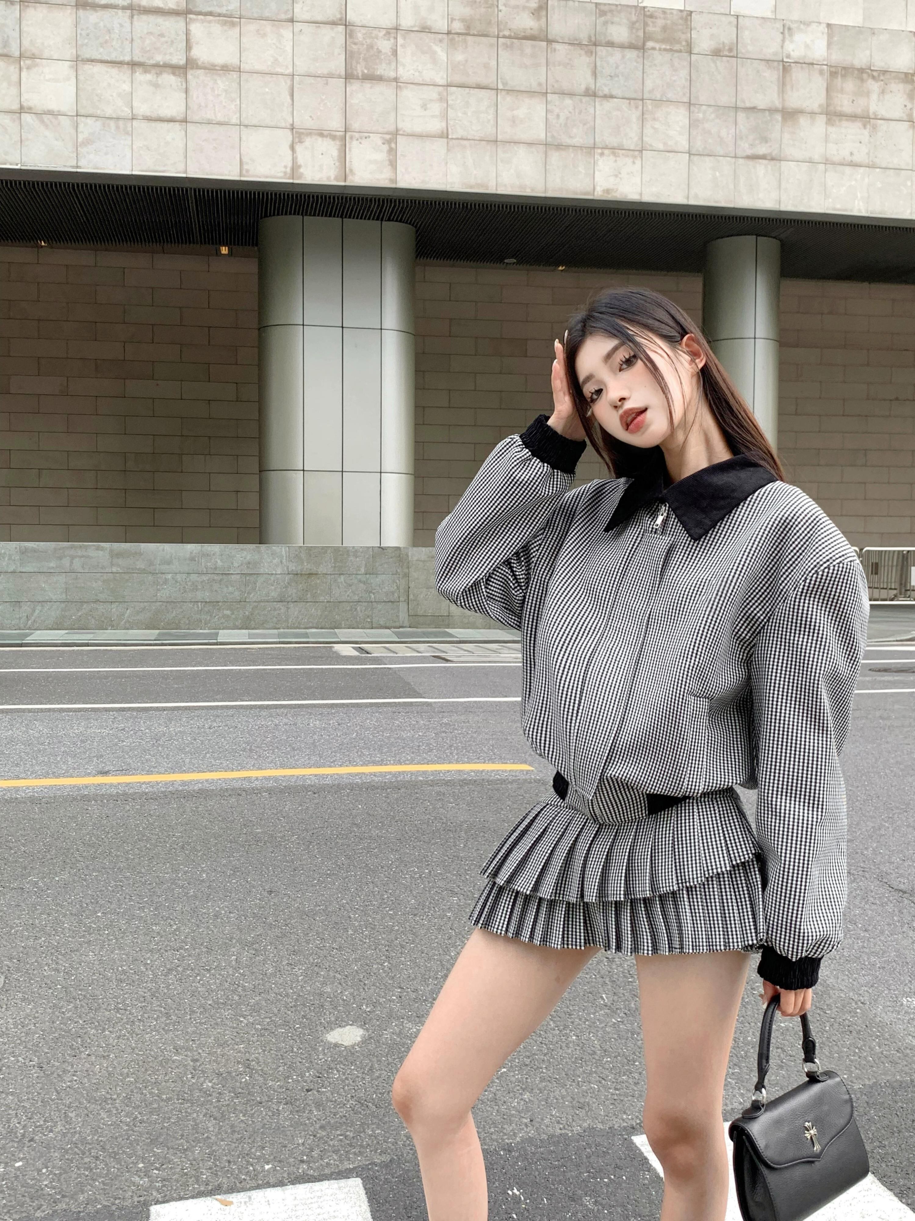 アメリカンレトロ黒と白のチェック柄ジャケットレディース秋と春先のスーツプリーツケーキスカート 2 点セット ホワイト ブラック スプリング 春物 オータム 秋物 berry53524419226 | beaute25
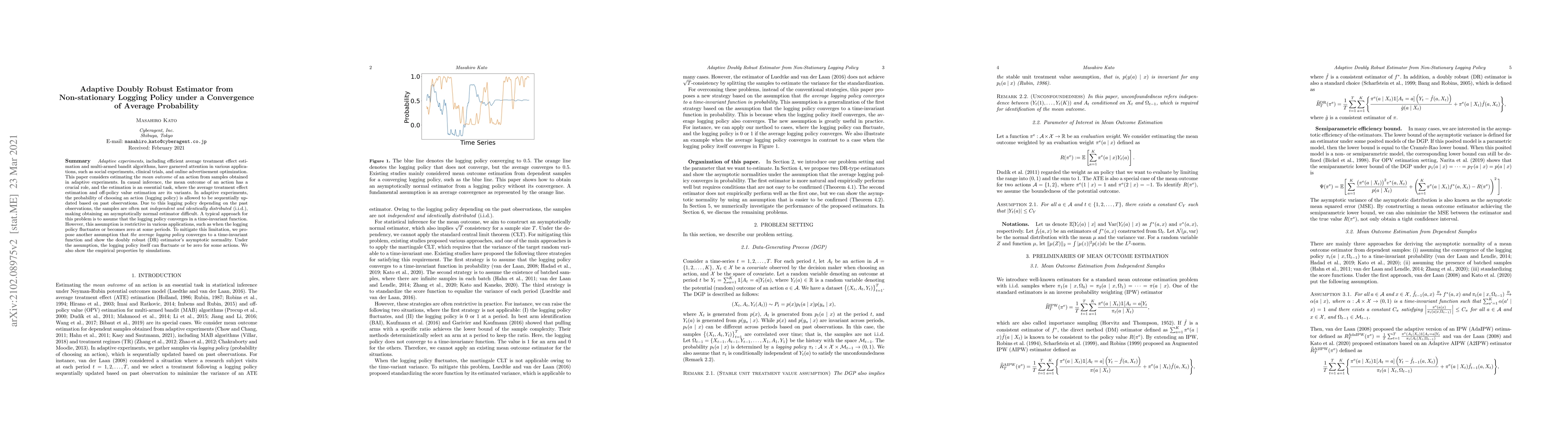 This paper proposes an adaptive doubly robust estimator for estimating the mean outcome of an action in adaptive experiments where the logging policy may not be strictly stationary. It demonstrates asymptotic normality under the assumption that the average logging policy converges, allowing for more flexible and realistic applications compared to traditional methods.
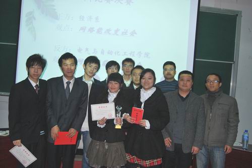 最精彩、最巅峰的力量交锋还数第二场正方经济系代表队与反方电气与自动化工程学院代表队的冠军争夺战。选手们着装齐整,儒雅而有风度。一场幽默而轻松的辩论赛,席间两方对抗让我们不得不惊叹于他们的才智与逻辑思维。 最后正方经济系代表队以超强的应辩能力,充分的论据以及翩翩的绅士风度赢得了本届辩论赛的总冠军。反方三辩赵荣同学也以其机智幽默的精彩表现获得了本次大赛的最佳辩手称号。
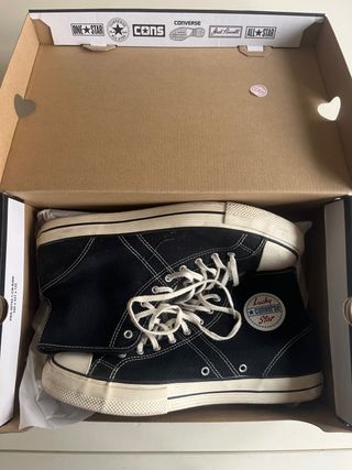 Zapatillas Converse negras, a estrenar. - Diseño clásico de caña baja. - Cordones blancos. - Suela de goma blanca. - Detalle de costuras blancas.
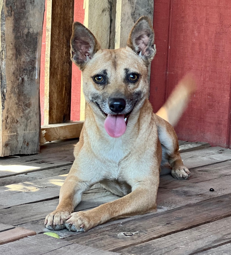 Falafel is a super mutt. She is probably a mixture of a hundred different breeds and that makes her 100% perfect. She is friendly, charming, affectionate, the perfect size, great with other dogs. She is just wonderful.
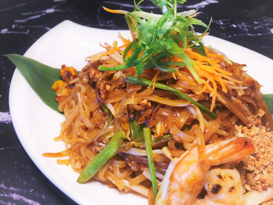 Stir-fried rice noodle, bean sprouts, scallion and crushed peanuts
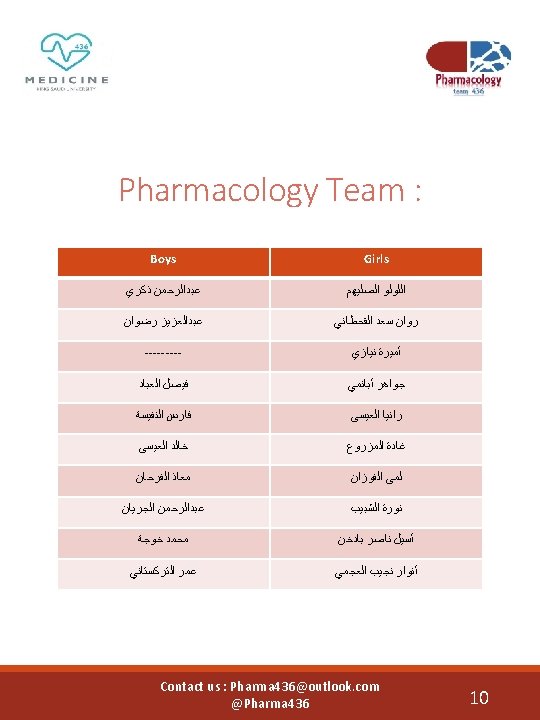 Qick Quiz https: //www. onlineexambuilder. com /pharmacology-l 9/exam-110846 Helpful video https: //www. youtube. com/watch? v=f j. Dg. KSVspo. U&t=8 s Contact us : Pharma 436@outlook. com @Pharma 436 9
##########
Required work → Without including any picture, reproduce all of the material exactly.

Exercise solution →
 アメリカンレトロ黒と白のチェック柄ジャケットレディース秋と春先のスーツプリーツケーキスカート 2 点セット ホワイト ブラック スプリング 春物 オータム 秋物 berry53524419226 | beaute25
 This paper proposes an adaptive doubly robust estimator for estimating the mean outcome of an action in adaptive experiments where the logging policy may not be strictly stationary. It demonstrates asymptotic normality under the assumption that the average logging policy converges, allowing for more flexible and realistic applications compared to traditional methods.
 最精彩、最巅峰的力量交锋还数第二场正方经济系代表队与反方电气与自动化工程学院代表队的冠军争夺战。选手们着装齐整,儒雅而有风度。一场幽默而轻松的辩论赛,席间两方对抗让我们不得不惊叹于他们的才智与逻辑思维。 最后正方经济系代表队以超强的应辩能力,充分的论据以及翩翩的绅士风度赢得了本届辩论赛的总冠军。反方三辩赵荣同学也以其机智幽默的精彩表现获得了本次大赛的最佳辩手称号。
 Zapatillas Converse negras, a estrenar. - Diseño clásico de caña baja. - Cordones blancos. - Suela de goma blanca. - Detalle de costuras blancas.
 Falafel is a super mutt. She is probably a mixture of a hundred different breeds and that makes her 100% perfect. She is friendly, charming, affectionate, the perfect size, great with other dogs. She is just wonderful.
 Stir-fried rice noodle, bean sprouts, scallion and crushed peanuts
 Qick Quiz https: //www. onlineexambuilder. com /pharmacology-l 9/exam-110846 Helpful video https: //www. youtube. com/watch? v=f j. Dg. KSVspo. U&t=8 s Contact us : Pharma 436@outlook. com @Pharma 436 9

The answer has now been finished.